I mean, hell, the EPA banned it for use in homes early in the years 2000, 2001.
Said, 'No.
This is so dangerous, we can't have normal people going to the hardware store, buying
it, and putting it on their lawns, because it could kill them.'
Yet, in March of this year, Scott Pruitt, the new head of the EPA said, 'You know
what?
I'm going to ignore the science.
I'm going to side with my buddies over in industry, and we're going to end the debate
or chlorpyrifos once and for all.
So, have at it farmers.
Dump it as much as you want.'
We see it on every story.
We see it on every story, whether it's RoundUp, we've got Monsanto that's killing people with
RoundUp, causing blood diseases that are killing people.
I defy you.
If you're watching this program, go and find one time where a station like MSNBC has reported
anything about chlorpyrifos where they tell the truth about what the story is behind the
story.
You won't find it.
The reason you won't find it, because they get huge advertising dollars from people like
Monsanto, and Dow, and DuPont, and you'll never get these stories until somebody in
your family is sick or dying from something like this product.
That's when you're going to get the story.
They'll attack independent media, like RT, or like Al Jazeera, or the independent TV
stations, because we can tell the story, because we don't have advertisers telling us, 'No.
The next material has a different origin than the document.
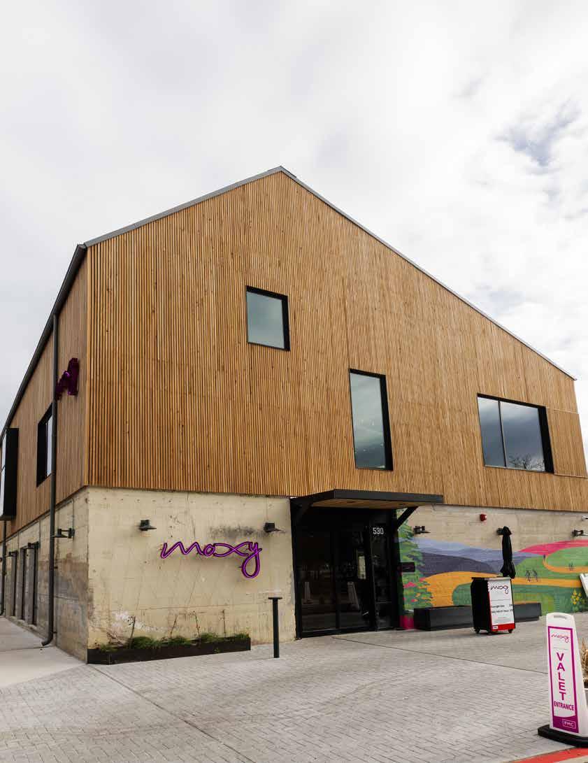 MOXY FAYETTEVILLE OFFERS AN ELEVATED HOTEL EXPERIENCE FOR ITS GUESTS THROUGH A THRIVING COMMUNITY SPACE AND ITS SIGNATURE BAR.

You better not tell that story.'
We don't care.
We tell the story if it's true.
That's part of the problem here, Farron.
The part of the problem where we don't have any help from corporate media getting these
stories out.
At this point, it's done deal, isn't it?
You've got Pruitt who's owned and operated by Trump, owned and operated by the industry,
this is going to happen, isn't it?
Unfortunately, yes.
Just like all of the other instances, eventually, what's going to bring this to light, what's
going to bring it to the corporate media attention, is when the lawsuits begin to be filed, because
we know that Dow knows about the dangers.
We know they're underplaying the dangers, and we know that this thing is causing significant
problems in children and in farmers.
Ten thousand deaths a year across the globe in more than 100 countries combined.
Yeah, this thing is going to eventually make it to the news, but only because Dow is going
to find themselves in hot water and nobody is going to be able to ignore it at that point.